Bus mit der Aufschrift "Mehr Demokratie"

Welche Rolle wird die repräsentative Demokratie zukünftig spielen? Momentan erweckt es den Eindruck, als würde sie sich in den Spielregeln der Postdemokratie auflösen, die Globalisierung, Kapitalismus, politische Eliten und Lobbygruppen diktieren. Sie scheint sich zu einer Scheindemokratie zu entwickeln, in der der Bevölkerung nur noch die Illusion demokratischer Teilhabe bleibt. Diese Befürchtung ist jedoch nicht neu. Die Demokratie wurde im Laufe der Geschichte immer wieder für abgelöst und für beinahe tot erklärt, gerade in Zeiten wirtschaftlicher Unsicherheit. Prof. Dr.
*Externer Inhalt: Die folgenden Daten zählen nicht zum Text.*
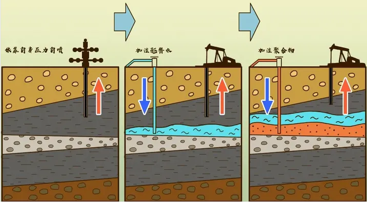 這就完了嗎?當然沒有。1950年後,石油技術人員發現用聚合物、表面活性劑、聚合物交聯劑等特殊化學物質降低油藏內水的表面張力和粘度後,還能再抽出一部分油,於是就有了三次採油技術,也被稱為化學驅油法。之後又陸續出現了蒸汽吞吐採油法、微生物驅油法等三次採油技術。

Paul Nolte warnt vor diesem Phänomen:

Wer heute das Ende der Demokratie ausruft und damit den Beifall vordergründig Unzufriedener findet, sollte um seine historischen Vorläufer wissen."1

Das Problem der postdemokratischen Strömungen ist nicht, dass das Volk nur noch über Ergebnisse abstimmen darf und ihm die politische Teilhabe immer weiter entzogen wird. Das Problem ist, dass es nie eine wirkliche Teilhabemöglichkeit, außer den Wahlen, hatte.

Aktiver Einfluss wird der Bevölkerung teils durch die zunehmende Globalisierung und Auslagerung nationaler Entscheidungen, teils durch puren Unwillen der politischen und ökonomischen Eliten verwehrt. Politiker wollen sich nicht in die Karten und schon gar nicht in Entscheidungsprozesse schauen lassen. Sie stehen unter großem Druck, da sie beständig um Mehrheiten bemüht sind. Dabei müssen sie Partei- und Lobbyinteressen sowie Koalitionsbündnisse berücksichtigen und das zunehmend auf nationaler und internationaler Ebene.
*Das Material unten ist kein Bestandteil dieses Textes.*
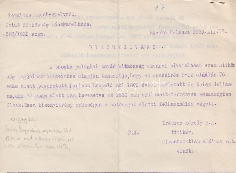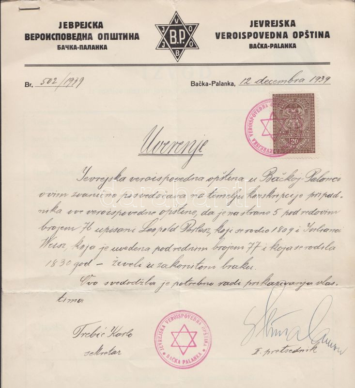 1939 Kivonat a bácska-palánkai zsidó hitközség anyakönyveiből és hivatalos magyar fordítással / extract from the Backa-Palanka Jewish community`s register with official Hungarian trenslatiom

So rücken die Bedürfnisse der Bevölkerung in den Hintergrund. Die politischen Rahmenbedingungen erschweren es den Bürgerinnen und Bürgern zu sehr, demokratische Teilhabe als positiv aufzufassen. Die Hürden sind zu hoch und Verbindlichkeiten zu selten. So schwindet das Vertrauen und die Bevölkerung gleitet in die Passivität ab. Bürgerbeteiligung muss erleichtert, attraktive Angebote müssen besser beworben werden.

Die politischen Handlungsträger sind gefordert. Soll eine Zivilgesellschaft offen, innovativ und kreativ gestaltet werden, müssen Machtverteilung und staatliche Verantwortung neu organisiert sowie das Verhältnis von Bürger und Staat auf allen Ebenen neu bestimmt werden.2 Beide Seiten sollen Verantwortung tragen können: Das Volk als Souverän und die politischen Vertreter als Repräsentanten. Beachtet werden muss dabei, dass sich nicht neue Gräben auftun und Minderheiten von der Beteiligung ausgeschlossen werden.

Eine vielfältige Demokratie braucht eine vielfältige Bürgerschaft.

 

Katrin Schulze, August 2011


1) Nolte, Paul: "Von der repräsentativen zur multiplen Demokratie". In: Bundeszentrale für politische Bildung (Hg.): Aus Politik und Zeitgeschichte. 1-2/2011. "Postdemokratie". Bonn 2011 (S.7).

2) Weixner, Bärbel Martina: "Direkte Demokratie in den Bundesländern". In: Bundeszentrale für politische Bildung (Hg.): Aus Politik und Zeitgeschichte. 10/2006. "Direkte Demokratie". Bonn 2006 (S. 18).